Remember to always take the high road. I regret nothing that I did in the encounter with Mary. I do regret that her need to avoid discussing the situation meant that there would be residual hard feelings.

When dealing with confrontation here are my simple rules:

–            use “I” language, instead of “you” language;

–            avoid blame, and focus on resolving the situation;

–            be prepared so you are not reacting to the situation, but rather are responding to it;

–            take the professional path (the high road), even in personal confrontations; and

–            know when to walk away.

I’m sorry that a simple misunderstanding has now become a major issue. I have learned that even the “right” approach doesn’t always work, and that you need to be flexible when dealing with confrontation.

I wonder what Mary learned from our encounter.

——

Sometimes NOT giving in is right!

The guy who cuts our grass is someone I would easily call a difficult person.  He is strongly opinionated.  He is right and anyone who even considers a different opinion is not only wrong, they are stupid.

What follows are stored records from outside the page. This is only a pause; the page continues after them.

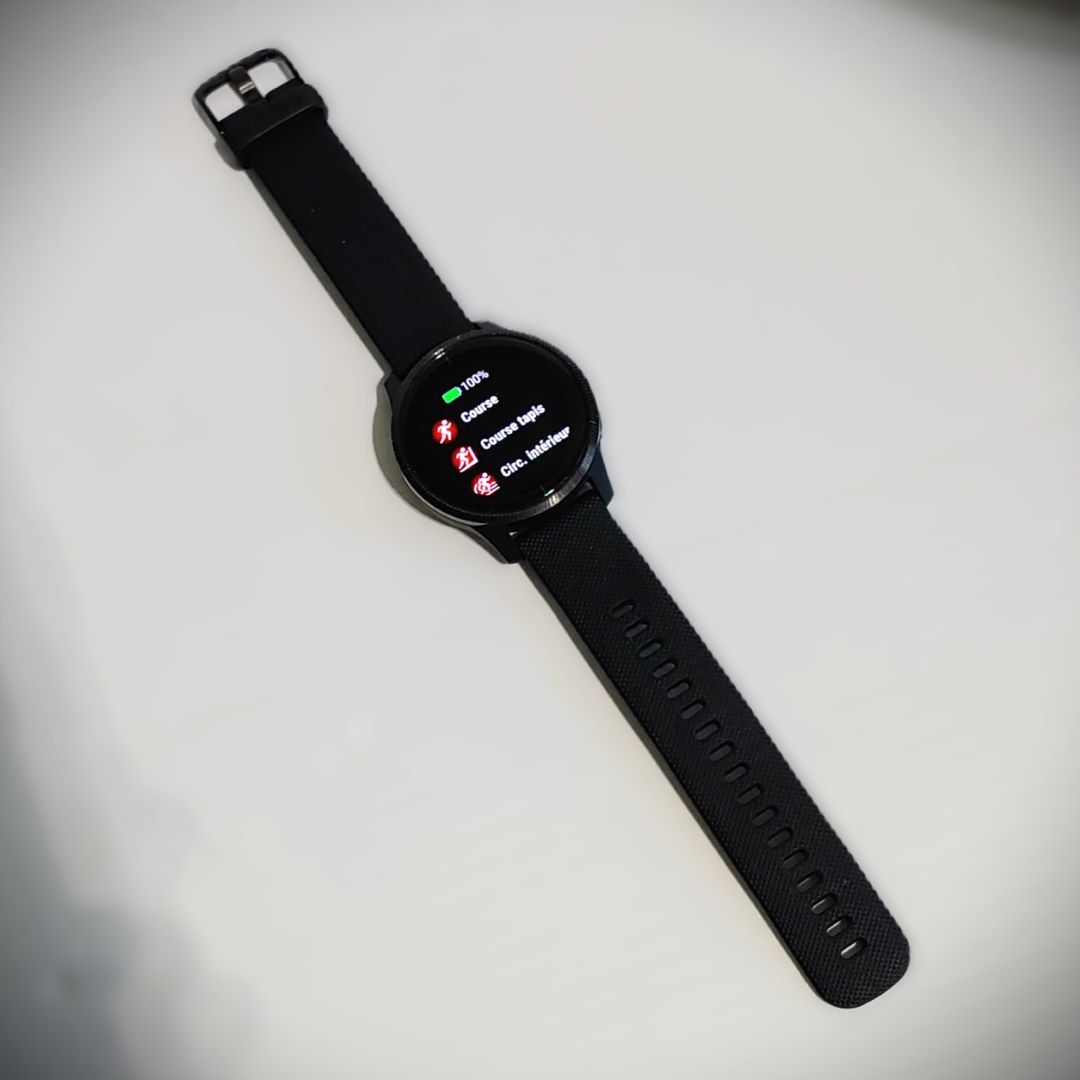 La Garmin Venu 010-02173-11 est une montre intelligente GPS haut de gamme de 43 mm dotée d’un écran AMOLED lumineux, d’une autonomie allant jusqu’à 5 jours en mode montre connectée et d’un boîtier noir avec lunette en ardoise. Elle offre un suivi de santé 24h/24 (cardio, Body Battery, sommeil, Pulse Ox), des entraînements animés, le stockage de musique, et Garmin Pay.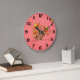 Cute Bee and Flower Pink Spring Garden Large Clock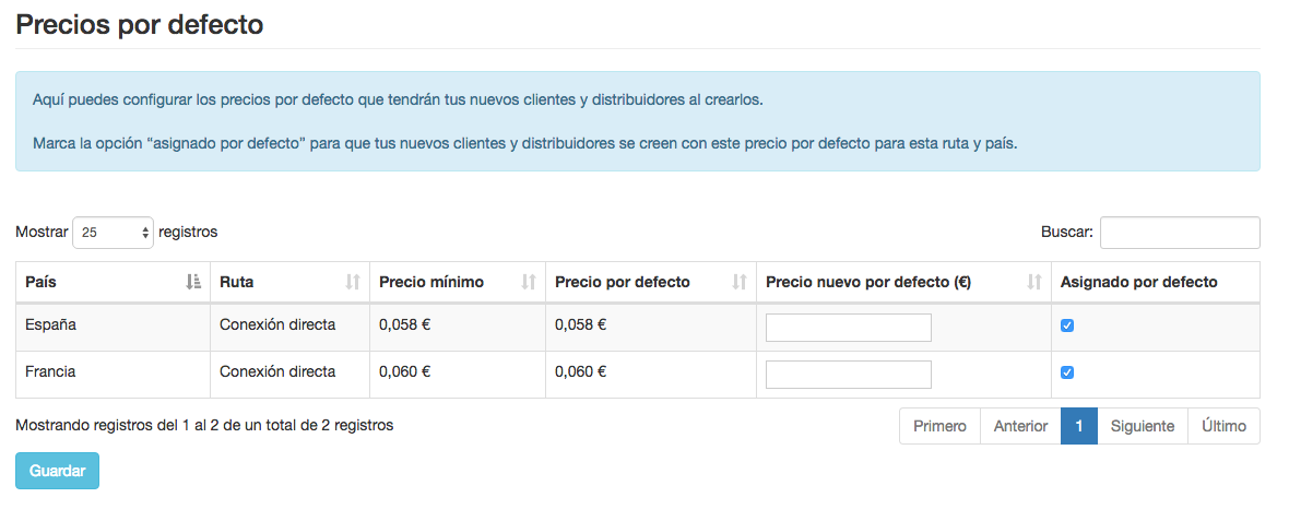 Si marcas la opción de Asignado por defecto, cuando crees un nuevo distribuidor y/o cliente, se le asignará automáticamente la ruta para el país escogido, sin que tengas que ir asignado precios de países uno por uno.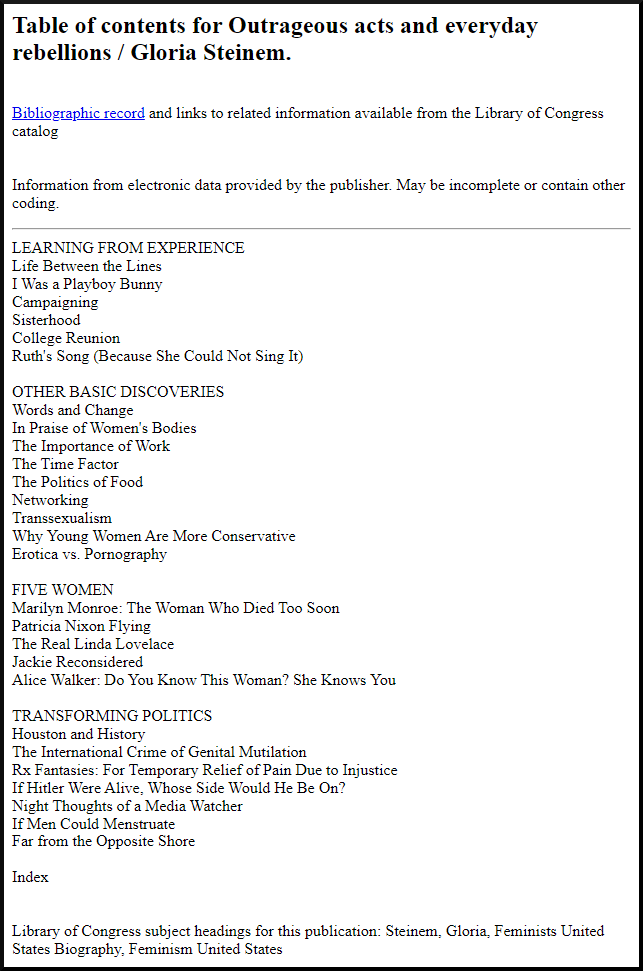 You can read the essay of her undercover escapades in Outrageous Acts and Everyday-Rebellions.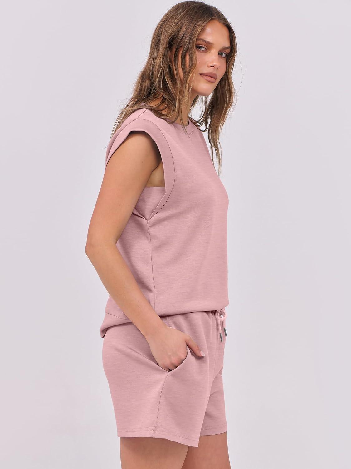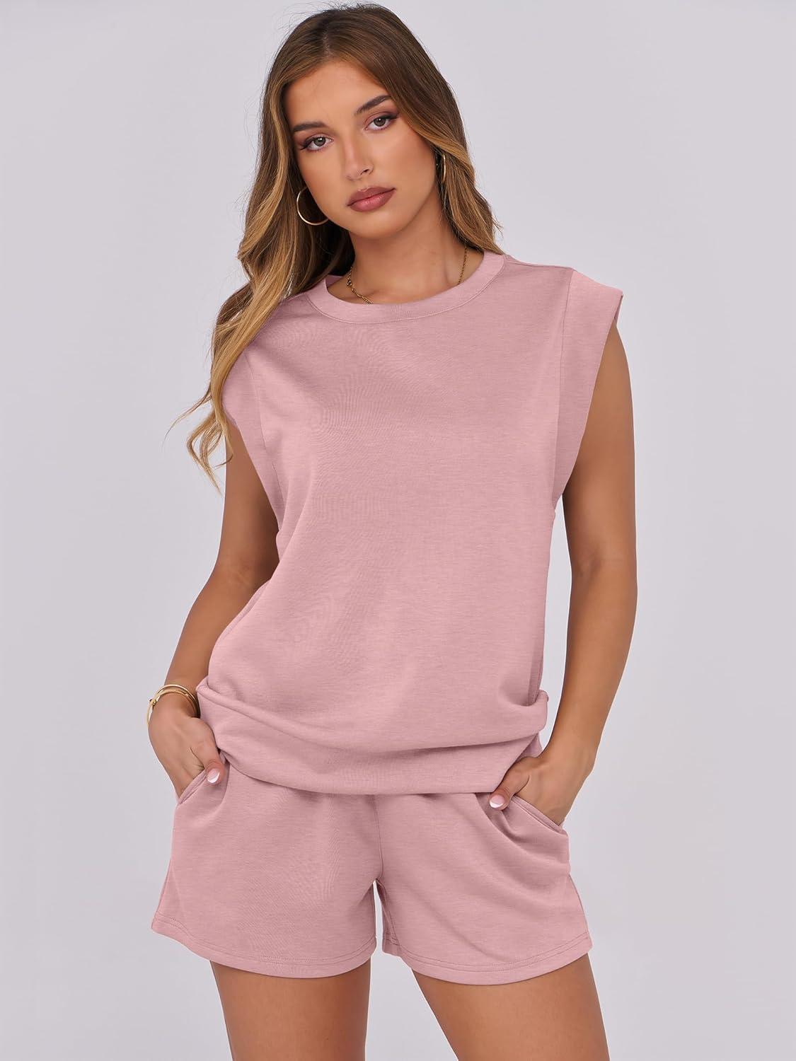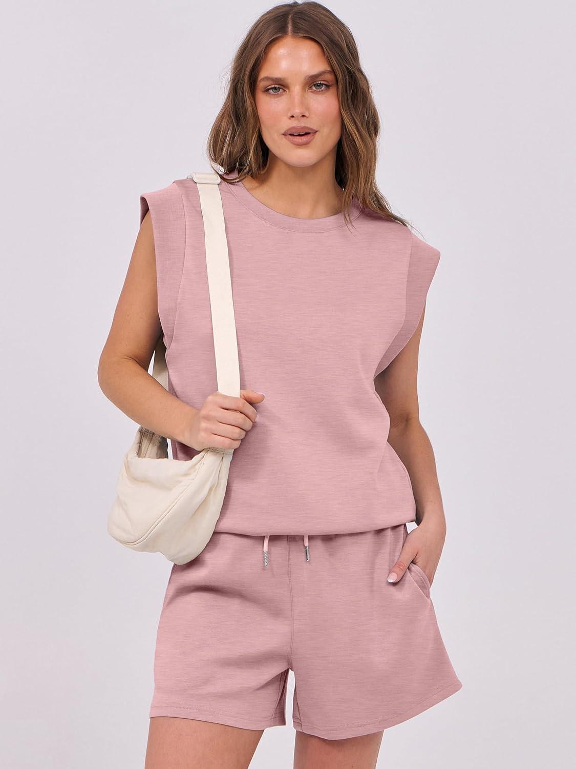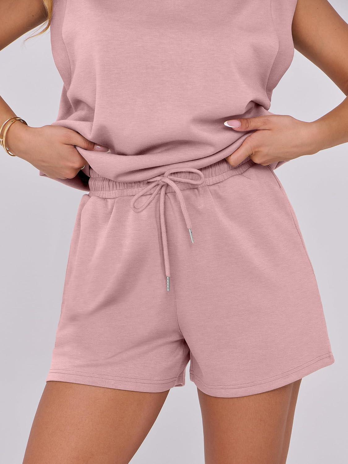 ANRABESS Two Piece Sets for Women 2025 Summer Short Lounge Set Casual Beach Vacation Outfits Spring Sweatsuits Tracksuit(Light Pink)

That type of person is infuriating.  I sometimes feel it is my responsibility to get them to at least acknowledge a different point of view.  This is not smart on my part 🙂

I listened to Alan yesterday.  Actually, I heard what he said, but I refused to be baited by his urge to get into a political discussion with me.  I wanted to get into this conversation; I wanted to get him to listen to what I had to say; I wanted him to see a potentially different, and not necessarily wrong, viewpoint.

I didn’t though, which was completely the right thing to do. I smiled and didn’t say too much. I refused to get baited, I refused to fight back.  Fighting is exactly what Alan wanted me to do.  He wanted to prove how smart he was.  By refusing to argue, I didn’t give him what he wanted.  He was well aware that I didn’t agree with him, but I wouldn’t rise to the bait.

He left the discussion a little frustrated, and I left it incredibly proud of me.

That is hard to do day in and day out when you work with your difficult person.  It is hard not to get baited, it is hard not to give your difficult person the response they are looking for.  Don’t give in to this style of difficult person.  Even if every second time you meet with them that you can hold yourself back it will be worth it.

I was proud of myself for not getting into a no-win argument. I was equally pleased that I had frustrated Alan.  Mature?  Maybe not.  The right thing to do?  Absolutely!

Take a step back

There is always another perspective, always another way to look at things, always two sides to every story.

Force yourself to try to see the opposite point of view, even if it sounds ridiculous to you.

Whenever Warren, my husband, and I are driving and he starts to complain about the other drivers, I make a point to find some crazy, often silly, viewpoint which would explain why the other person was driving that way.

As much as it drives Warren crazy, it does get my point across, and sometimes calms the situation a bit.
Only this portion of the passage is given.